Here is how the Wald statistic works: You divide the maximum likelihood coefficient estimate by its standard error and square the result.
If you wanted to be really specific about it, what you are dividing is the difference between the obtained coefficient estimate and your hypothesized estimate. I would say, though, that 99% of the time your hypothesis you are testing is zero, that is, that the independent variable has zero effect on the outcome variable. Since the coefficient estimate minus zero is the coefficient estimate, it is actually simpler, although somewhat less accurate, to state it the way that I just did.
In my experience, people who use discriminant function analysis and logistic regression usually differ in their intent. Discriminant function analysis attempts to sort people into two (or more) groups. Logistic regression predicts the probability of an individual being in a specific group.
People who use discriminant function analysis are often interested in predicting, for example, who will drop dead of a heart attack and who won’t. If they find that 80% of those who drop dead can be predicted correctly, and 77% of those who don’t can also be predicted correctly using a combination of education, the Selye Stress Scale and how many times a year the patient eats liver with onions, then they are happy. (Topic for future research – why would anyone eat liver? It tastes totally gross.)
People who use logistic regression are often almost as interested in the relative effects of the predictors as they are the overall model.
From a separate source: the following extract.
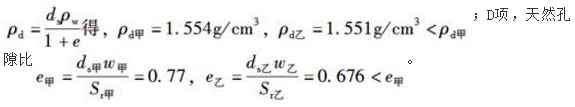 塑性指数Ip甲=wL甲-wp甲=17.5,Ip乙=wL乙-wp乙=7.7<Ip甲,塑性指数越大,相对黏粒含量越多;B项,天然密度ρ=ρd(1+w),故ρ甲=1.989g/cm3,ρ乙=1.954g/cm3<ρ甲;C项,由干密度

So, they are happy to know that the Pseudo-R is .35 but they are at least as interested in knowing that the coefficient for Stress is positive and substantially higher than education, while the coefficient for liver (no matter how gross it may taste) is non-significant.
From a statistical standpoint, the major difference between discriminant function analysis and logistic regression is that discriminant function analysis makes a lot of assumptions about the distribution of the independent (i.e., predictor) variables, specifically that these are normally distributed and linearly related to the dependent variable. Logistic regression does not make these assumptions.
So, for the person on SAS community who said that for the next Los Angeles Basin SAS Users Group they would like a discussion of non-parametrics so easy a hamster could understand it (BYOH – bring your own hamster) – this was the best I could do on a Friday afternoon.
And yes, I do know that is not a hamster, but all I had hanging around was a guinea pig named Edward G. Robinson and a spare cockatiel.